The intervocalic shift from l < r usually presents itself in inherited Latin terms, rarely in Slavic.
- Both forms are attested in Istro-Romanian: méturę and métulę.
- Given that Romanian has zero inherited words ending in unstressed ulă, the adjustment of that sequence to ură in an early borrowing (thereby conforming to words like ghindură, lamură, lingură, marmură, negură, păcură, papură, scândură, vergură, volbură) would not be unusual. It seems măgulă (cf. Albanian magulë) underwent just such an adjustment to măgură.
Romanian sută is feminine and always requires a determiner. All the Slavic derivatives are either masculine or neuter, making sută closer to Proto-Finno-Ugric *śëta than Slavic *sъto.
- Not in the slightest. As pointed out by Loporcaro 2021 (p 78, underline mine):
- ‘As is well known, Romanian borrowed sută “100” from Old Slavic sŭto, which has been adapted as feminine like all o-ending neuters among ancient loanwords from Slavic (Mihăilă, 1960; Petrovici, 1962; Buchi, 2006: 75f.; Livescu, 2008: 2648). In addition, Romanian calqued all numerals from “11” on, except inherited mie “1000”: unsprezece/nouăsprezece “11/19” = OBlg. jedinŭ/devętĭ na desęte, doizeci = OBlg. dŭva desęti “20”, etc. (cf. e.g., Schulte, 2009: 248)’.
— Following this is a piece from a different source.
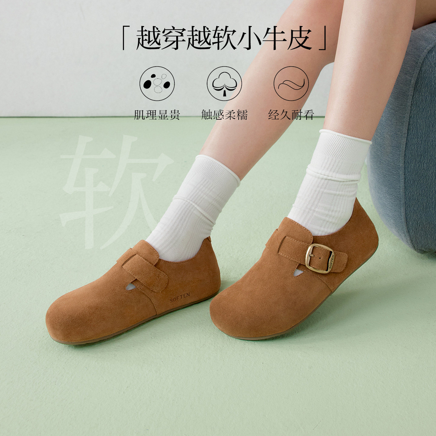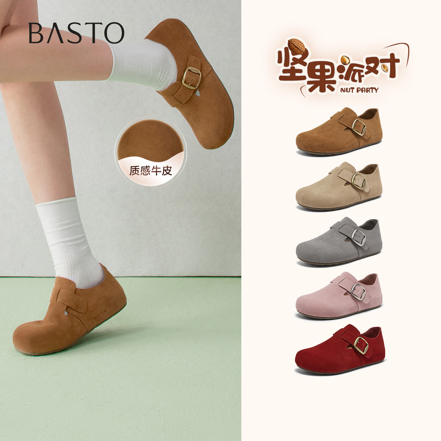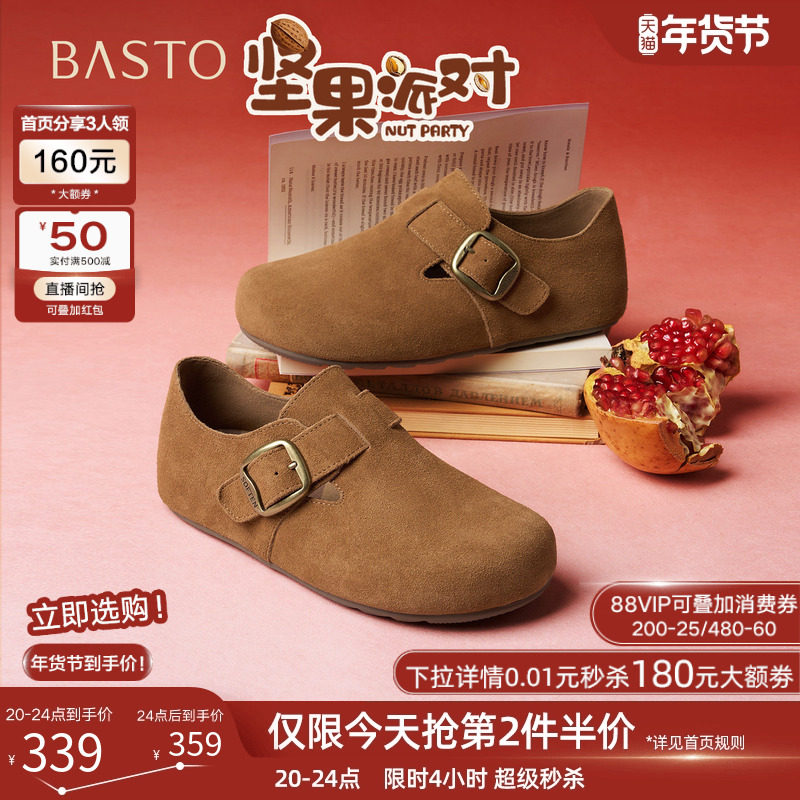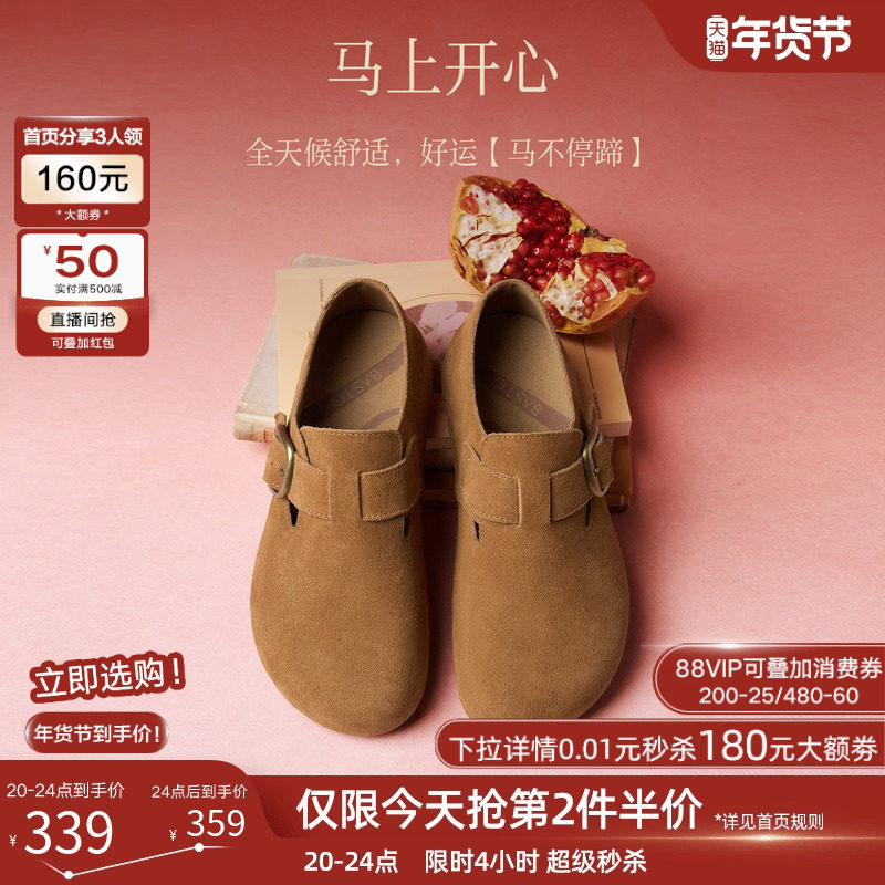 天猫百思图官方旗舰店,百思图2026春季商场新款真皮全包勃肯鞋懒人一脚蹬女单鞋T1178AM6,时尚潮流简约舒适
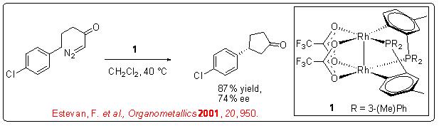 ortho -Metallated arylphosphine dirhodium(II) complexes are found to be effective catalysts for intramolecular C-H insertions of certain diazoketones (Scheme 4). One of the examples is the use of dirhodium complex 1 for the reaction of chloro-substituted system to afford cyclophentanone in 74% ee and 87% yield. This system works well with the aryl portion having electron withdrawing group.

- Compare cerneală, ciudă, copită, nicovală, ocnă, pravilă, sită, sticlă, vadră, vâslă.
Rather confused as to why you mentioned bulgar – the sources I've seen mention *bulgarinŭ or баъгарини.
- блъгаринъ (blŭgarinŭ) is transparently блъгар-инъ (blŭgar-inŭ), just as блъгарьскъ (blŭgarĭskŭ) is блъгар-ьскъ (blŭgar-ĭskŭ). See *-inъ, *-ьskъ. The morpheme borrowed into Romanian is блъгар- (blŭgar-), without suffixes.
In either way, the original form was bălgar and bolgar which today are considered archaic or regional
- Is bulgar/bolgar/bălgar any more recent than mătură/mătoră/mătără?
the form bulgar being a more recent development probably influenced by Bulgarian българин
- Do you believe both of the following?
- 1) Older Slavic /ъ/ > Older Romanian /u/ is implausible.
- 2) Modern Bulgarian /ъ/ > Modern Romanian /u/ is plausible.
The word tocmai and its varianta […] are said to be borrowed from a Slavic form токма.
- Whether it entered Romanian via an older Slavic тъкъма or a younger Slavic то́кма, or even both at different times, the etymon is still Proto-Slavic *tъkъmo/-a and this is still an example of original ъ resulting in a Romanian u (~o).
The word cumătru is more likely to be derived analogically as a masculine from the related feminine form cumătră (from Latin commāter, commātrem) especially considering that the equivalent forms in Slavic languages are very different (Bulgarian, Croatian, Russian kum, Serbian kumak).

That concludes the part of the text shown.